For the Karuk this has consequences for everything from food to culture. As the plan explains, “The exclusion of fire has led to radical ecological changes including high fuel loads, decreased habitat for large game such as elk and deer, reduction in the quantity and quality of acorns, and alteration of growth patterns of basketry materials such as hazel and willow.”
The Karuk’s climate-adaptation plan is an effort to shift the management dynamic and builds on some recent cooperative work among the Forest Service, the Karuk and other local groups.
“This plan is years in the making and we’re hoping we’ll be able to actually start to change the paradigm in the way fire is managed in Karuk country,” says Tripp.
The Karuk’s plan is also part of a growing effort from dozens of tribes across the United States to assess climate vulnerability and build adaptation plans, although each tribe faces unique challenges, especially tribes without federal recognition. (The Karuk have federal recognition, a relative rarity in California.)
“Indigenous people are disproportionately impacted by the changing climate as they lack the financial resources to build new infrastructure,” says Kari Norgaard, associate professor of sociology and environmental studies at the University of Oregon and a co-author of the Karuk plan. “But for the Karuk, their vulnerability to climate change is also a function of state policy — the Karuk’s ability to do what they want to do is reduced because of those structural conditions.” Basic management decisions regarding land-use, logging and fire policy are out of their hands.
At the same time, says Norgaard, tribal members possess a wealth of information on the management of local ecosystems that should play a leading role as the region plans for how to cope with climate impacts.
“Native American tribes and native nations have been at the forefront of a lot of climate work, whether that’s in the-street-protests or putting up solar panels or doing climate adaptation plans,” she says.
“One of the biggest obstacles is the sense that indigenous knowledge is sort of dead or not valid,” says Norgaard, who has conducted collaborative research projects with the Karuk since 2003. “Many people just do not understand how much indigenous knowledge about fire use is really a modern science still today.” Western scientists have increasingly called for the incorporation of traditional ecological knowledge into new plans for reintroducing natural fire regimes back to the landscape.
“Prescribed fire is one of the most widely advocated management practices for reducing wildfire hazard and has a long and rich tradition rooted in indigenous and local ecological knowledge,” Crystal A. Kolden, an associate professor in the Department of Forest, Rangeland and Fire Sciences at the University of Idaho, wrote in a report in the journal Fire. “The scientific literature has repeatedly reported that prescribed fire is often the most effective means of achieving such goals by reducing fuels and wildfire hazard and restoring ecological function to fire-adapted ecosystems in the United States following a century of fire exclusion.”
There’s also the public perception or “social license,” he says.

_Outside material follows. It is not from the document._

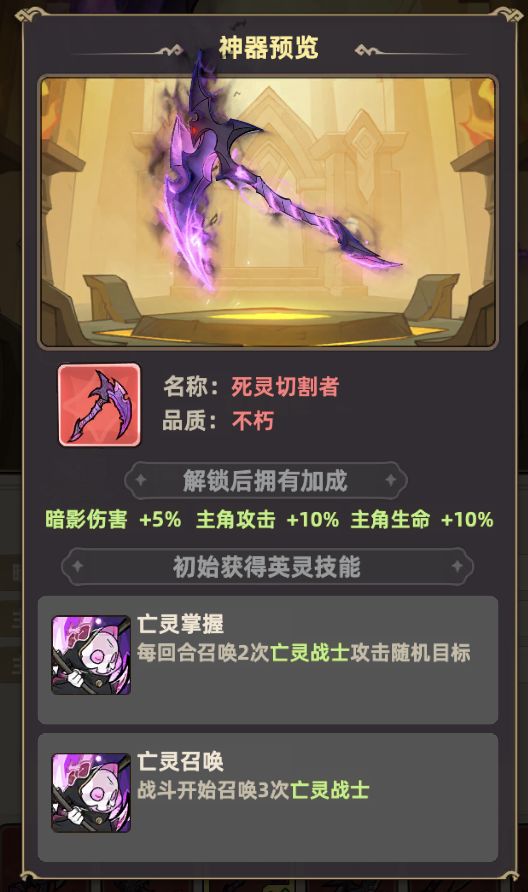提供5%暗影伤害加成,同时获得初始可选亡灵英灵技能,开局就有忠诚的亡灵战士上阵厮杀。

Twenty years ago, the majority of people believed that all fire was bad, says Tripp. But he’s seen that mentality shift in recent years. More and more people are learning that fire can be used beneficially — although it can be still be a tough sell in a state that has seen recent wildfires claim dozens of lives.
But the Karuk are hoping to convince people through example. The tribe has been working closely for years to develop a plan with the Six Rivers National Forest on a 5,500-acre demonstration project that will allow them to begin some restoration and prescribed burning in the national forest. They hope to carry the lessons learned from that work to further efforts, says Tripp.